I received a note from Robert Gaddis of ORtera. It said: "Your recent (piece) regarding HP's AppIQ technology appropriately applauds their initiative to simplify the data center professionals job by collecting information under a single pane of glass. Of course, there are necessary compromises in this implementation. I think this is revealed most vividly when one compares the information presented in SRM products like AppIQ with the information and heuristics in ORtera Atlas, a new product offered by my company."
Rob Gaddis is the CEO and Chairman of ORtera, which is a privately held startup founded last year. Dave Fisk is the chief scientist and vice chairman. He was chief knowledge offer and scientist at Imperial Technology, and a principal scientist at Sun Microsystem's Network Storage unit.
ORtera's Atlas product monitors I/O activity on a system and then analyses the results and applies intelligence (heuristics) to the data. A great description of what it does and what you can do with the data comes from as web log maintained by Adrian Cockroft, a Solaris tuner. I've simply copied his web log entry.
The web log
Monday, August 15, 2005
I wrote a while ago about Dave Fisk's Ortera Atlas tool for storage analysis. I recently had a chance to use a beta release of Atlas on a real problem, and they are about to do a GA release, its ready for prime time.
Like most tools, it can produce masses of numbers and graphs, but compared to other storage analysis tools I've seen it goes further in three ways:
1) It collects critically important data that is not provided by the O/S
2) It processes the data to tell you exactly what is wrong
3) It runs heuristics to tell you how to fix the problem
I wish more tools spent this much effort on solving the actual problem rather than making pretty graphs that only an expert would understand.

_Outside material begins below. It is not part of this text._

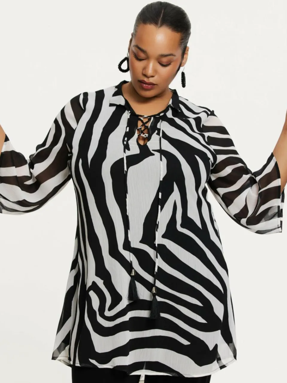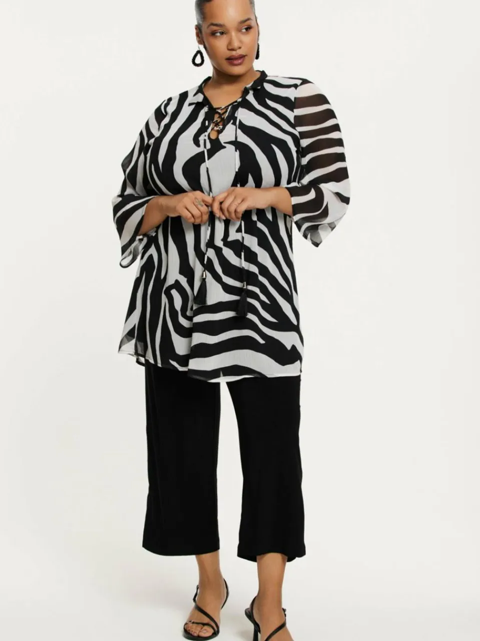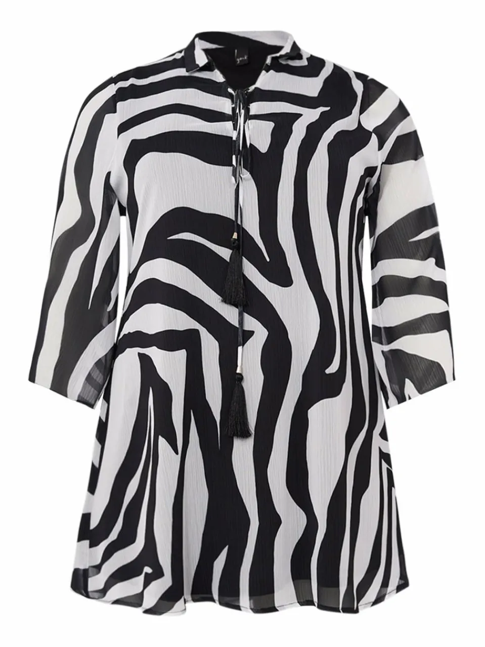 YOEK Blusen<Damen Tunika schwarz bedruckt

What we actually did was run the tool on a pre-production Oracle system using Veritas Filesystem and Volume Manager with Solaris on a SAN connected to a Hitachi storage array. Atlas starts off by looking at all the active processes on the system, and ignoring any that are not doing any I/O. It collects data on which files are being read or written by which process, and what the pattern and sizes are at the system call, file system and device level. You can also set the tool to focus on a set of devices, and gather information on the processes that actually talk to those devices.
Atlas immediately pointed out that two volumes had been concatenated to form a filesystem, and that 98 percent of the accesses were to one of the volumes. It recommended that the volumes be striped together for better overall performance.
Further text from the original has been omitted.